From the records below, set down exactly the lines starting with the line that contains "Masculinity construction ." and going on through the line that contains "Men också hur". Nothing else is wanted.

**Material supplied:**
..............................
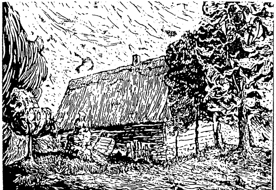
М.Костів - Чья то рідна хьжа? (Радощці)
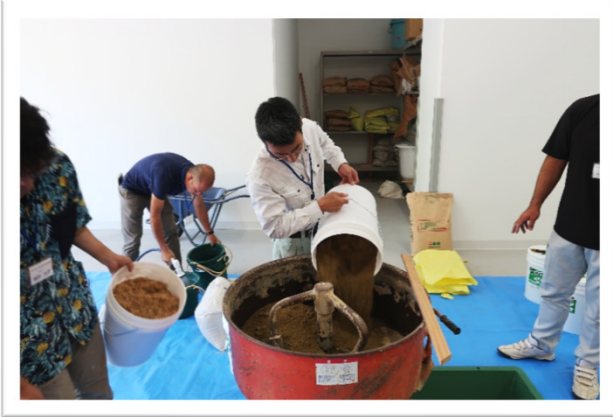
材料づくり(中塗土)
..............................
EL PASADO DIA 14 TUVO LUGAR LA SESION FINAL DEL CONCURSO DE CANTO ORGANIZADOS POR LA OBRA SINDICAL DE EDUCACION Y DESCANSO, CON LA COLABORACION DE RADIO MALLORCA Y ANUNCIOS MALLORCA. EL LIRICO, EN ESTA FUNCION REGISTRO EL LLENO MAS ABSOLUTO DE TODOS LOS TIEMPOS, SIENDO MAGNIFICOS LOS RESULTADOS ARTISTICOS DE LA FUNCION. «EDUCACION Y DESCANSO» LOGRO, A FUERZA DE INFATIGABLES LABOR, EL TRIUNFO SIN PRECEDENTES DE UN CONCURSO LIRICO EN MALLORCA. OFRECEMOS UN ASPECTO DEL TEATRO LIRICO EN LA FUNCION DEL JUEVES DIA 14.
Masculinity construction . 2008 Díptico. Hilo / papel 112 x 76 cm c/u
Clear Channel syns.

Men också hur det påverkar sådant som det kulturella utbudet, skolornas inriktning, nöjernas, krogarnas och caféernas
..............................
**Result for this task:**
Masculinity construction . 2008 Díptico. Hilo / papel 112 x 76 cm c/u
Clear Channel syns.

Men också hur det påverkar sådant som det kulturella utbudet, skolornas inriktning, nöjernas, krogarnas och caféernas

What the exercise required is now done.